According to data, Range Technology’s main business is data center construction and operation, and it has high-level (T4) data center planning, design, construction and operation capabilities. Its cabinet scale, power-on rate and gross profit margin are at the forefront of the industry. According to the "2021-2022 China IDC Industry Development Research Report" released by KZ Consulting, Range Technology ranks 5th in the business scale of China's third-party IDC market service providers in 2021.

Through the backdoor listing, Range Technology can use the multi-channel financing function of the capital market to expand the company's scale and gain more market shares; the introduction of Range Technology by Precise can improve the fundamentals of the listed company and further enhance its sustainable operation capability and development potential.

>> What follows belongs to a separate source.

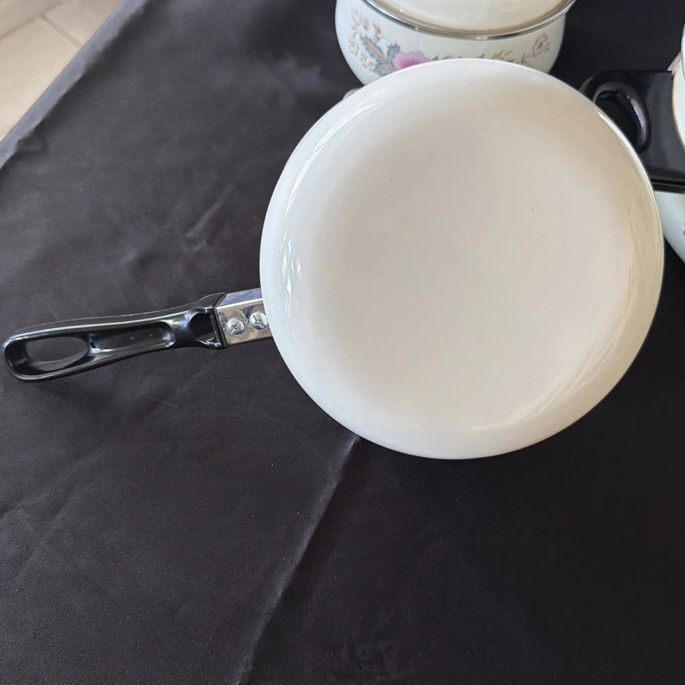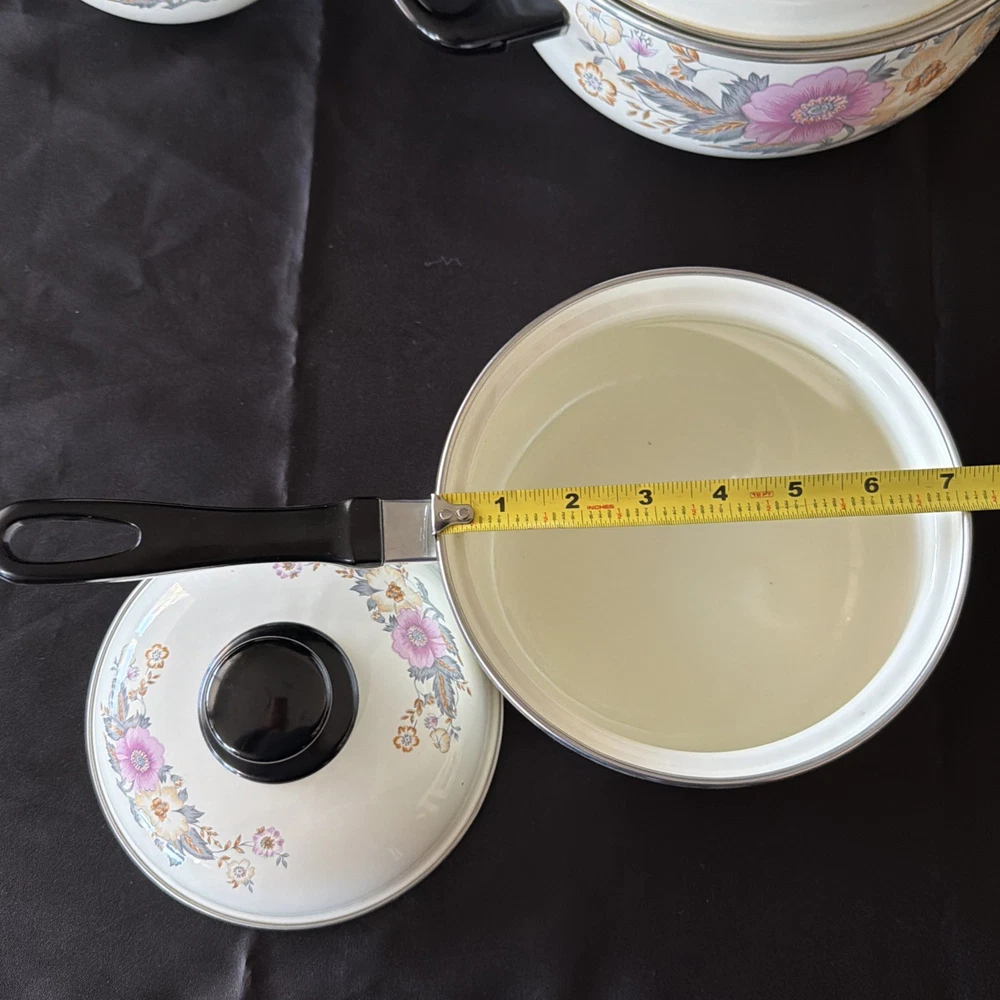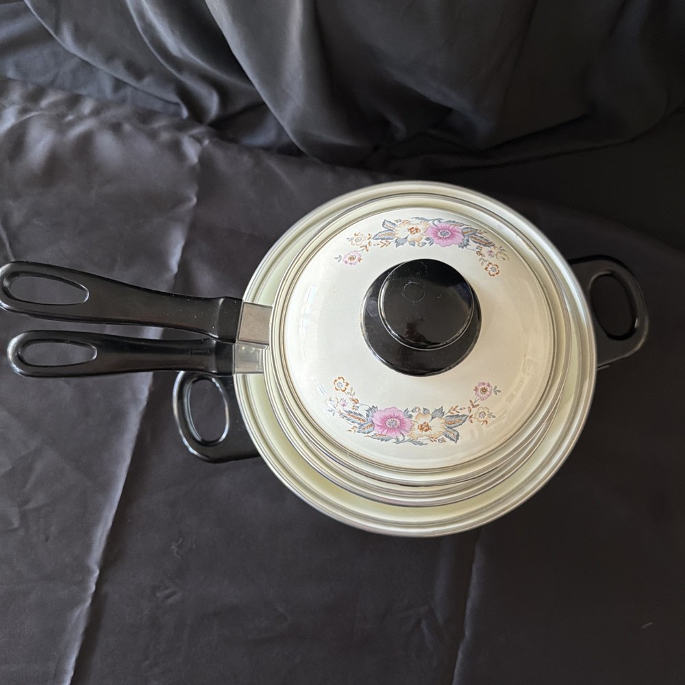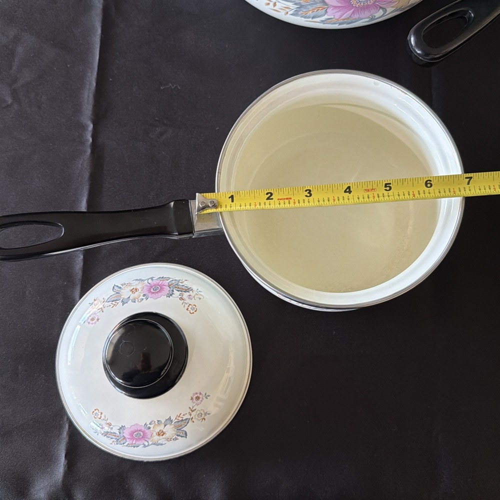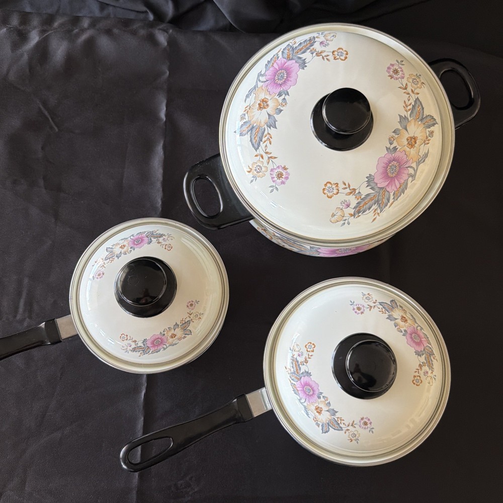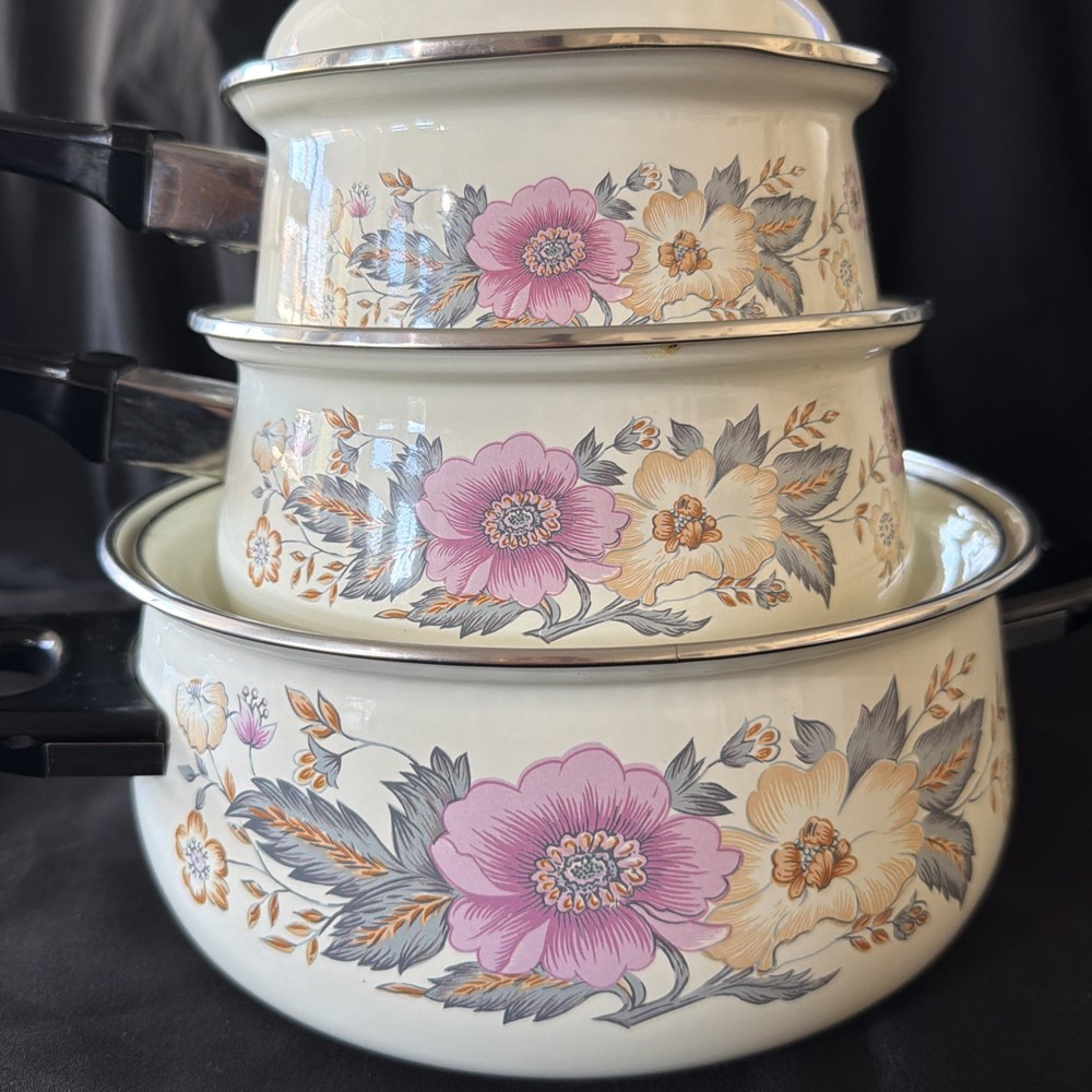 The product is a set of six vintage 1970's enamel saucepans with floral patterns and plastic handles. The round saucepans are designed for use on both electric and gas stoves, making them versatile for various cooking needs. Each saucepan comes with a lid, adding to their functionality and collectibility. These original saucepans are a unique addition to any kitchen, especially for those interested in vintage cookware from the 1970s.

In this reorganization, Precise chose to introduce Range Technology, which is the epitome of the data center's active role in the capital market in recent years, reflecting the good development prospects of the data center industry. Taking the first quarter of 2022 as an example, Blackstone Group invested 1.58 billion yuan in 21Vianet, Sequoia Capital and STT GDC invested 3.92 billion yuan in GDS, and Mubadala invested 3.16 billion yuan in PDG Data.


China's IDC industry currently attracts a large number of domestic and foreign funds, including international fund companies such as Bain Capital, Gaw Capital, Sequoia Capital, and domestic capital with layout capabilities such as CITIC and Sino-Ocean. Especially since 2020, the national digital economy In the context of transformation and the continuous advancement of the new infrastructure construction process, capital is optimistic about the development space and prospects of China's IDC field, and investment activities are becoming more frequent.


The scale of the IDC market is also expanding rapidly. In 2021, the overall scale of China's overall IDC business market will exceed 300 billion yuan, reaching 301.27 billion yuan, a year-on-year increase of 34.6%, and will maintain a growth rate of more than 20% in the future.


Analysts from KZ Consulting pointed out that, as a digital infrastructure, a data center has both the value of fixed assets consisting of land, buildings, and mechanical and electrical equipment, as well as the operating value of generating cash flow and profits through specialized operations after the completion of construction. The investment value is relatively high. The data center market is also extremely broad. With the continuous penetration of digital technology into all fields of the economy and society, the demand for data storage and processing in the whole society will continue to increase rapidly. It is a high-quality investment object in the capital market.

Under these conditions, the scale of the data center industry continues to expand, and under the promotion of policies, regulations and measures such as the "Three-Year Action Plan for the Development of New Data Centers (2021-2023)" and the "East Data and West Computing" project, the data center will continue to develop in the direction of high technology, high computing power, high energy efficiency and high security.

At the same time, KZ Consulting analysts also reminded that due to factors such as the strengthening of the state's supervision of data center energy consumption, the rapid increase in market supply, the increase in market participants, and the continuous increase in energy conservation and carbon reduction requirements, the data center market competition is intensifying, construction and operation. Costs will increase, and data centers in some regions will become more difficult to power on in the short term. There are certain market risks. It is not advisable to blindly follow the trend. If you want to enter the data center, you still need to be aware of policy requirements, supply and demand, and geographic location. etc. to make a comprehensive judgment.